Aliakmonas (Αλιάκμονας, before 1927: Βρατίνιον – Vratinon, between 1927 and 1960: Παλιούριον – Paliourion), is a Greek village located in the municipality of Voio, in the regional unit of Kozani. It is located on the left bank of its namesake, the River Aliakmon. A formerly independent community, it became part of the municipality of Neapoli in 1997, and of the municipality of Voio in 2010.

At an altitude of 550 meters, Aliakmonas is the lowest village in Voio. Views include the Tymfi mountains, Smolikas, Voio, and Grammos. To the northeast, it provides views of the Askio mountain range. There are fertile plains in the valley of Aliakmonas River. The area produces tobacco and wheat.

A folklore museum, housed in the old village school, was founded in 2009.

==History==
Archaeological digs near Aliakmonas have uncovered a few notable specimens.
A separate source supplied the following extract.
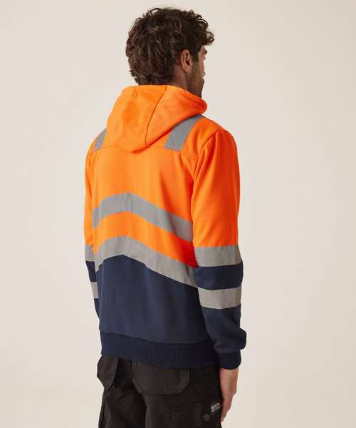 Stay visible in this hi-vis hoodie, made with a polycotton blend for comfort and durability. Pop on the hood for extra protection. Angled hi-vis chevrons show which way you’re facing in low light. Conforms to EN ISO 20471:2013 +A1:2016 Class 2.

A statue of Aphrodite by the Greek sculptor Scopa (4th Century BC), for example, was discovered in a nearby settlement, where an early Christian mosaic floor was also uncovered. Coins, ceramics, statues, mosaics, floors were found near there.
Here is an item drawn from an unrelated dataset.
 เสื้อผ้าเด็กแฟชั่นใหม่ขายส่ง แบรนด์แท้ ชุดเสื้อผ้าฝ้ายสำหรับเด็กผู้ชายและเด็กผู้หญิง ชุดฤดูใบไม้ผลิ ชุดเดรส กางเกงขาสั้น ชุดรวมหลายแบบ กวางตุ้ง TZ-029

The village (under the name Vratini) was mentioned in writing as early as 1534 AD, in the code of Zavorda. The name was changed to Paliourion in 1927, and subsequently to Aliakmonas in 1960. Statistical reporting in the early 20th century referred to the settlement as a Greek village in the sanjak Servia with a population of 400; if immediately surrounding settlements are included, the total population may have amounted to 750.